In-season strawberries are so delicious just as they are that I rarely combine them with other flavors. But earlier this week, following an afternoon of picking at our local strawberry fields, my boys and I came home with about 50 pounds of berries.
After making lots of our usual strawberry jams, and freezing a bunch of berries, we still had more to go, so I thought I'd try something new. I've yet to find a fruit that ginger doesn't complement, so I decided to give strawberries and ginger a go. And indeed, the result was quite delicious. The honey in the recipe tempers the subtle heat of the ginger, and both ingredients add a bit more complexity than strawberry jam or preserves often have.
Some jams and preserves--strawberry in particular--have a tendency to separate during processing, with the fruit floating to the top of the jar, and the liquid remaining at the bottom. Don't be alarmed--this is common. If your preserve does separate, all you need to do is mix it up well before serving. Because this is a preserve, the strawberries remain more whole than they would in a jam, which makes it an especially good topping for many desserts. Spooned on top of cheesecake or ice cream, perhaps? Yes, please.
Honeyed Strawberry-Ginger Preserves
Yield: 4 to 5 cups
To do ahead of time:
Prepare the calcium water. To do this, combine 1/2 teaspoon white calcium powder (included in the Pomona’s Universal Pectin package) with 1/2 cup water in a small, clear container with a lid. Shake well before using. Note that you will have more calcium water than you will end up using in this recipe; simply store it in the refrigerator for later use.
Honeyed Strawberry-Ginger Preserves Ingredients:
2 1/4 pounds strawberries
1/2 cup water
1/4 cup lemon juice
2 teaspoons calcium water
2 teaspoons finely-grated ginger root
1 cup honey
2 teaspoons Pomona's Universal Pectin powder
Honeyed Strawberry-Ginger Preserves Directions:
1. Wash and rinse jars, lids, and screw bands. Set screw bands aside until ready to use. Place jars in boiling water bath canner, fill at least 2/3 of the way full with water, and bring to a boil. Boil jars for 10 minutes to sterilize (add 1 additional minute of sterilizing time for every 1000 feet above sea level), then turn down heat and let jars stand in hot water until ready to use. Place lids in water in a small pan, bring to a low simmer, and hold there until ready to use.

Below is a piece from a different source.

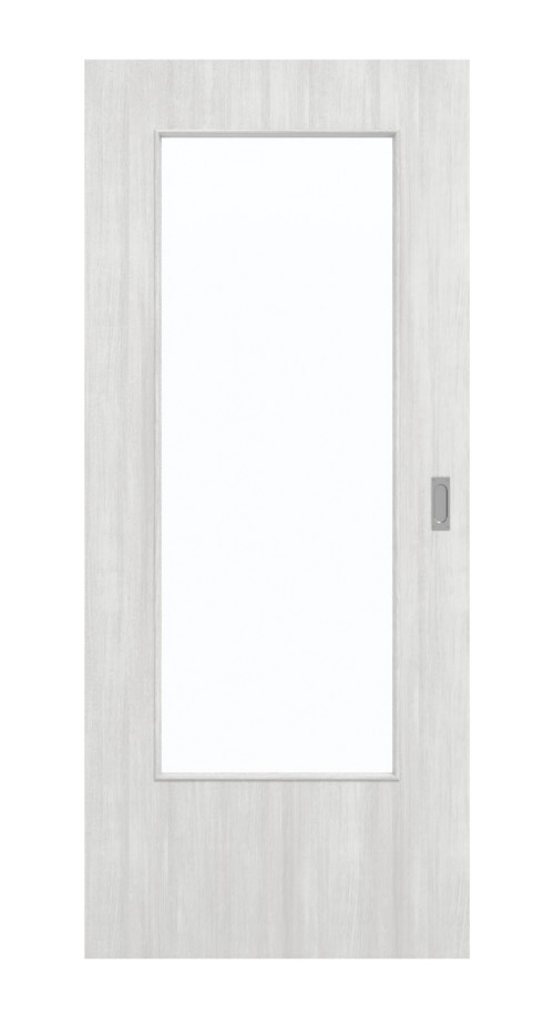 Przeszklenie w środku drzwi wprowadza do wnętrz jasność i przyjazną atmosferę. Model drzwi przesuwanych w szarej okleinie drewnianej nadaje wnętrzu modny akcent. Jak delikatne cienie, pionowe usłojenie ciągnie się po skrzydle drzwi. Dzięki chłodnemu szarości, model drzwi idealnie pasuje do nowoczesnego wystroju wnętrz. Powierzchnia CPL jest niezwykle odporna na czynniki zewnętrzne.

2. Rinse strawberries, then remove and discard stems.
3. Place strawberries in a sauce pan along with the 1/2 cup of water. Bring the berries up to a boil over high heat, stirring occasionally, and very gently, to avoid crushing the berries. Reduce the heat and simmer, covered, continuing to stir occasionally, just until the berries start to soften--about 1 to 2 minutes. Then, remove pan from heat.
4. Measure out 4 cups of the cooked strawberry mixture. (If you have any left over, you can use it for something else.) Pour the measured strawberry mixture into a large sauce pan. Add lemon juice, calcium water, and grated ginger root.
5. In a separate bowl, combine the honey and pectin powder. Mix well and set aside.
6. Bring strawberry mixture to a rolling boil over high heat. Add honey-pectin mixture, then stir vigorously for 1 to 2 minutes, still over highest heat, to dissolve pectin. Return preserves to a boil, then remove from heat.
7. Remove hot jars from canner and fill jars with preserves, leaving ¼ inch of headspace. Remove trapped air bubbles, wipe rims with a damp cloth, and put on lids and screw bands.
8. Place jars in the hot water in the canner, place the lid on the canner, return the canner to a rolling boil, and boil for 10 minutes. (Add 1 minute additional processing time for every 1000 feet above sea level.)
9. Turn off heat and allow canner and jars to sit for 5 minutes. Then, remove jars from canner.
10. Allow jars to cool undisturbed for 12-24 hours. Then, confirm that jars have sealed.
Enjoy your preserves! Or, store properly for later use.